__Problem to solve__.
The records are to be copied from the line that contains "Stainless steel basket 8611 000" through their last line, word for word, with every picture left out.

__Information shown__.
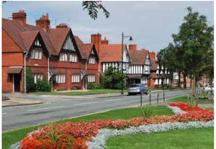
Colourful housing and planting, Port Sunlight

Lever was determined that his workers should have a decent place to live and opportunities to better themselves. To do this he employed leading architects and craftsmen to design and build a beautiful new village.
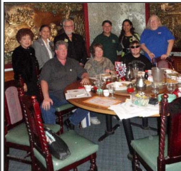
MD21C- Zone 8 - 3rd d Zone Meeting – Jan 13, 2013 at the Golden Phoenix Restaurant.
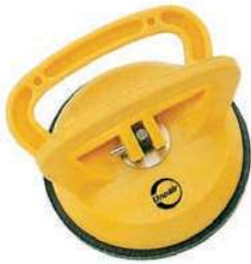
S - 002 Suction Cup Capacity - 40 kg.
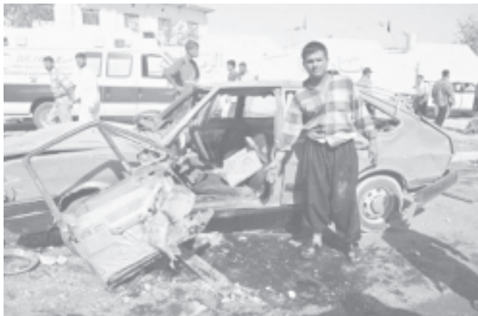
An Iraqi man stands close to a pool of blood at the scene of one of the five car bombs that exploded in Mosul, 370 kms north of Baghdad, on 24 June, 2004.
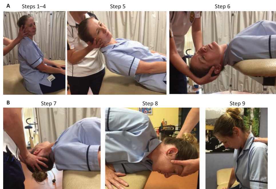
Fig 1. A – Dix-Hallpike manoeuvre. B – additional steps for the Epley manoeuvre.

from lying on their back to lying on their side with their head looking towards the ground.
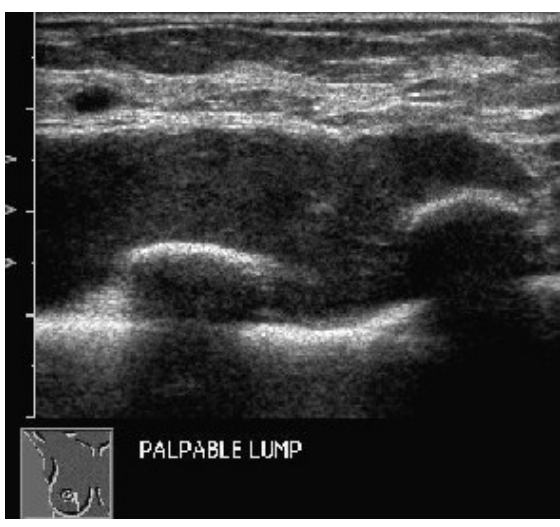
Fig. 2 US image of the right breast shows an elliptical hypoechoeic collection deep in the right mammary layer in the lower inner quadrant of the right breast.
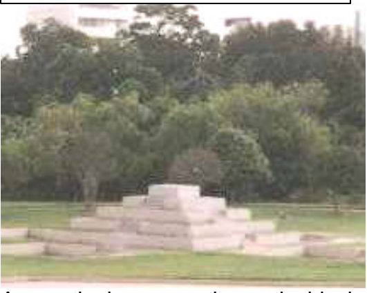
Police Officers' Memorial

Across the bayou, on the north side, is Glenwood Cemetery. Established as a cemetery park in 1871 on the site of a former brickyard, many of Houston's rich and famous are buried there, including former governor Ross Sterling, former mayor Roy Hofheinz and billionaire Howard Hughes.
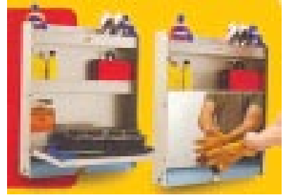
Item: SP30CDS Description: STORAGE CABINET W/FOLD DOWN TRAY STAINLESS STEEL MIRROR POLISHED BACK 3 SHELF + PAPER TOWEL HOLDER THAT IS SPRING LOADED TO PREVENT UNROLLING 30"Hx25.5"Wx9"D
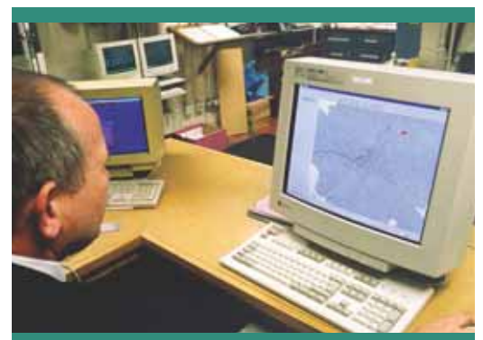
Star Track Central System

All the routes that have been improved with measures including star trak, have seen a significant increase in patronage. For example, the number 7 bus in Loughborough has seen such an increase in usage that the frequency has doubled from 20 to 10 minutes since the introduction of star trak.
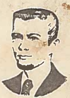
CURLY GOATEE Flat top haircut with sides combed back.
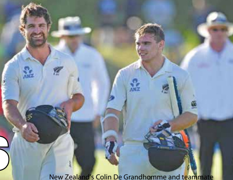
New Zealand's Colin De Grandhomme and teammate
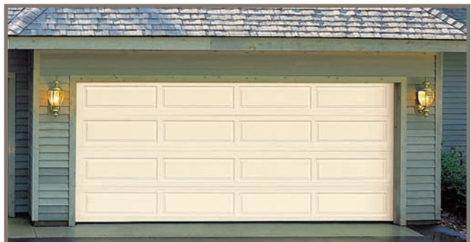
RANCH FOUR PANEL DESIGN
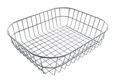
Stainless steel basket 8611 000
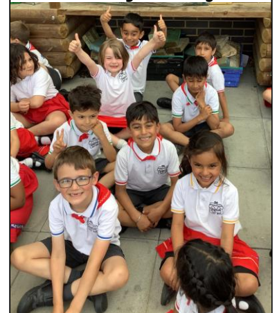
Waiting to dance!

__Task solution__.
Stainless steel basket 8611 000
Waiting to dance!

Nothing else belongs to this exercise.